Мать недолго собиралась с мыслями:

– Я, значит, тряпьё скупаю, а ты чем занят? Ты, что ли, книжки читаешь?

– Читаю!

– Так это, значит, книжками от тебя каждый вечер разит!

Они переключились друг на друга. Верка, разочарованная тем, что до её выпускного бала никому нет дела, включила телевизор и демонстративно уставилась в экран. Хлюпая носом, она делала вид, что вникает в содержание передачи, а родители грызлись за её спиной, обвиняя друг друга во всех грехах. Когда они перешли на крик, Верка утерла слёзы и гаркнула изо всех сил:

– Хватит орать!!!

И тут произошло чудо. Отец скрылся в спальне и спустя минуту вынес оттуда четырнадцать тысячных купюр. С видом победителя он пронёс их мимо потерявшей дар речи матери и вручил Верке.

Мать проводила деньги таким взглядом, словно это были её родные дети, уезжавшие навсегда.

– Он ещё и заначки делает, гад! – с тоскою в голосе пожаловалась она неизвестно кому.

Когда Верка шла в школу, прохожие оглядывались на неё, а она держалась изо всех сил, чтобы рот не расплывался в самодовольной улыбке. Непривычно высокие каблуки изменили походку, жёлтое платье топорщилось, высоко открывая длинные ноги, бант колыхался в такт шагам, а чёрная чёлка усилиями парикмахера победоносно торчала как флаг самурая.

Войдя в школьный вестибюль, Верка замерла. Она оглядывала встречающих выпускников учителей и искала на их улыбающихся лицах выражение восторга.

– Меркулова, – погладила её по голому плечу Ираида. – Ты в этом платье прямо конфетка в фантике! Красавица!

Слова учительницы окончательно стёрли с Веркиного лица отрепетированное перед зеркалом высокомерно-безразличное выражение. Её распирало счастье.

Актовый зал заполняли родители, родственники, любопытные соседи, друзья и подруги. Ревниво осматривающие друг друга выпускницы в своих нарядах выглядели райскими птицами, случайно залетевшими в школу. Наткнувшись на их оценивающие взгляды, Верка не стала присоединяться к "птицам". Ей было неинтересно рассматривать чужие наряды, она хотела смотреть только на себя, поэтому и отправилась туда, где для этого было зеркало.
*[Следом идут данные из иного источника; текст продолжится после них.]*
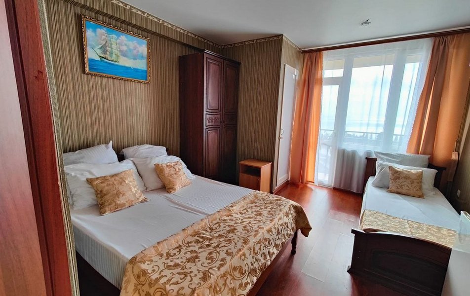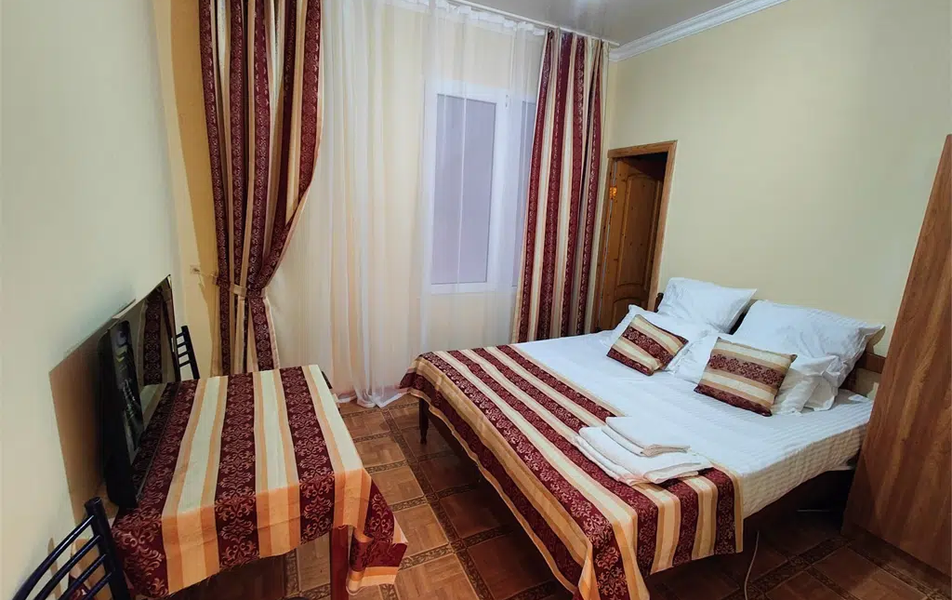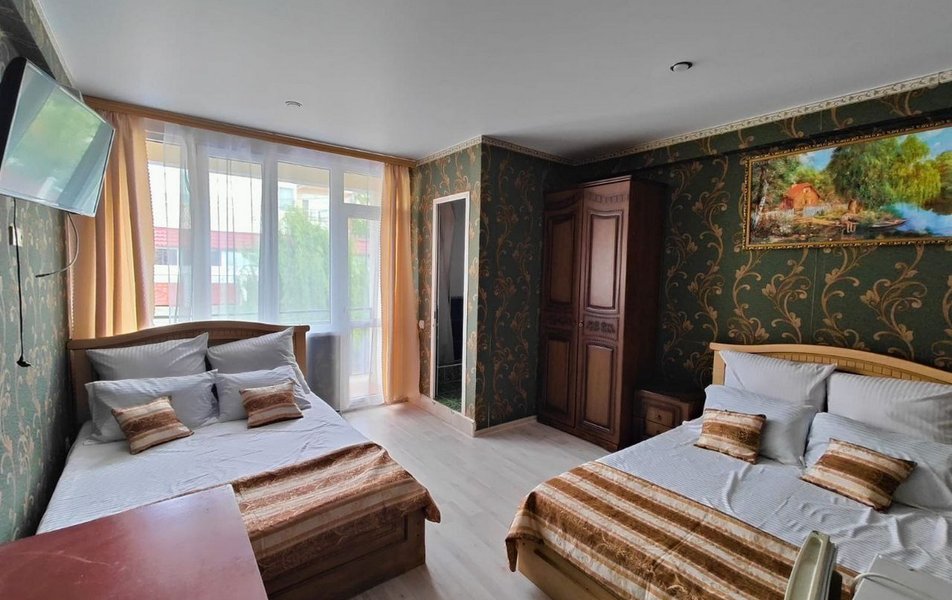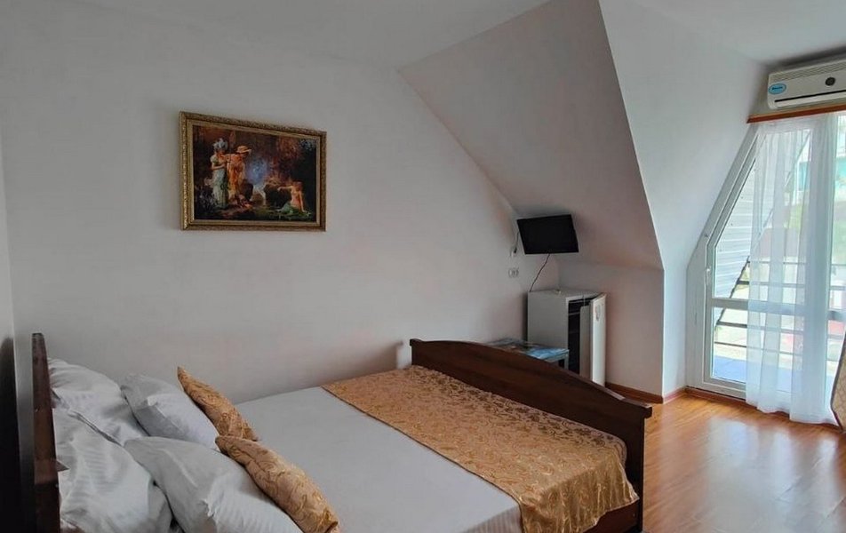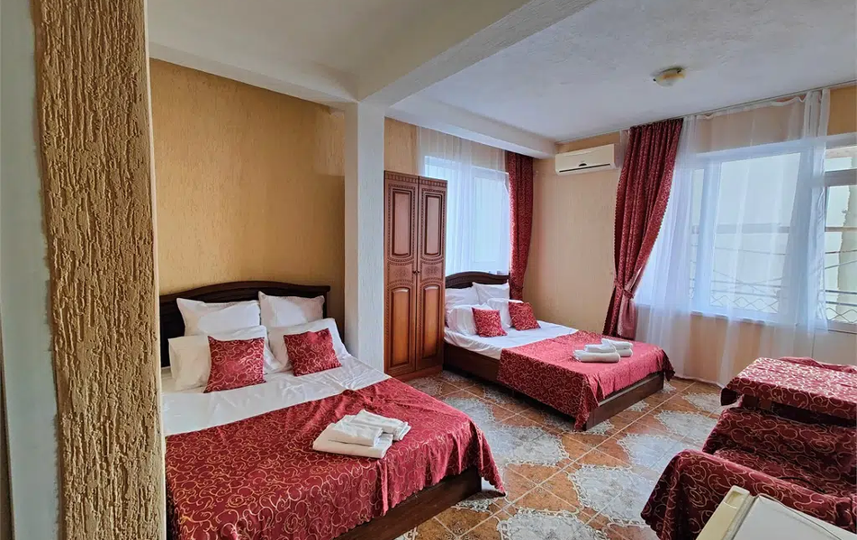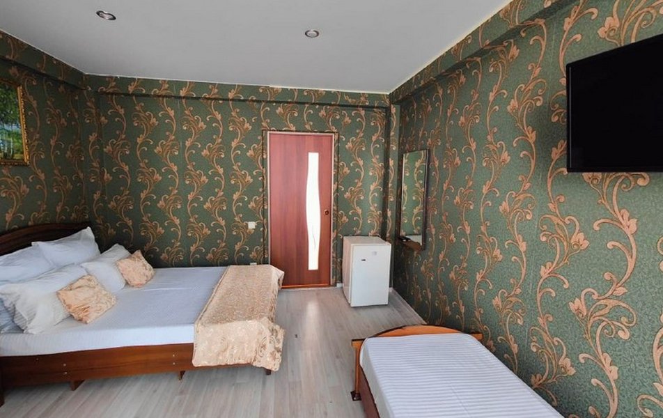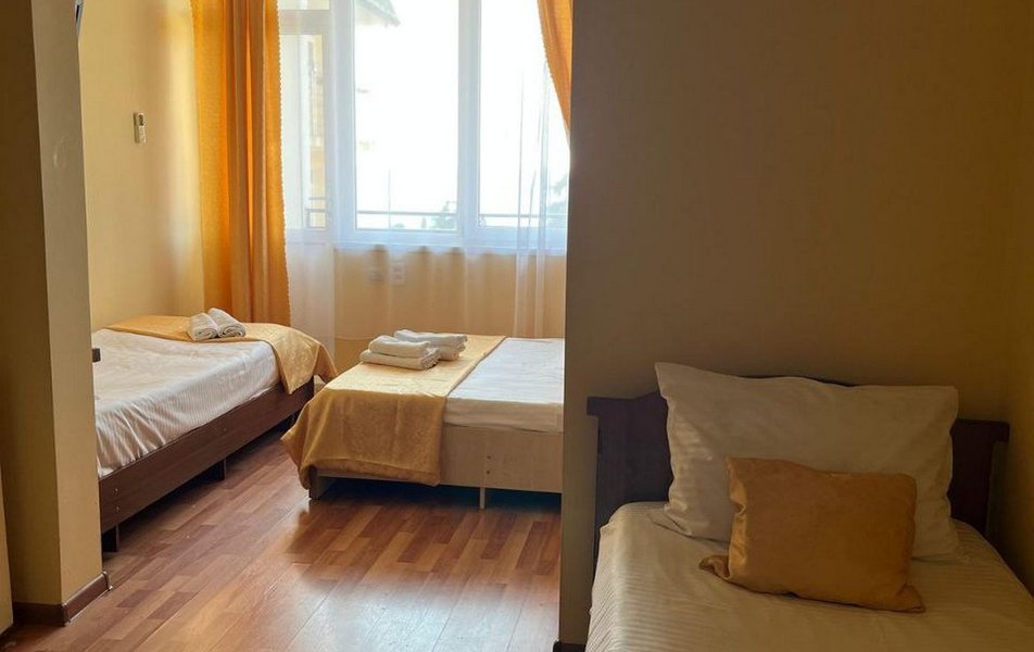 Трехэтажное здание с мансардой гостевого дома предлагает номера различной вместимости и комфортности. В каждом номере мебель, санузел с душем, балкон, кондиционер, мини-холодильник, телевизор ЖК. Номера категории Эконом без балкона с телевизором и вентилятором.

Открыв дверь в туалетную комнату, она сначала увидела пару белых туфель, одиноко стоящую на кафельном полу, а потом двух Ленок – Иванову и Кац. Обе в платьях до пят и с полными слёз глазами. Верка остановилась в нерешительности.

– Шикарно выглядишь, Меркулова! – просипела босая Иванова. – Ты водку раньше пила?

На всякий случай Верка соврала:

– Пила.

– Из горла?

Вопрос её удивил:

– Почему из горла?

– А мы из горла. Чуть не подавились. Сейчас Светка стаканы принесёт. Будешь с нами?

Верка успела забыть, зачем она пришла. Надо же, отличница Иванова вместе с такой же отличницей Кац пьют водку в туалете! Вот это да!

– А если нас засекут?

– Дура ты, Меркулова! Мы школу окончили, поняла? Нам теперь никто ничего не сделает.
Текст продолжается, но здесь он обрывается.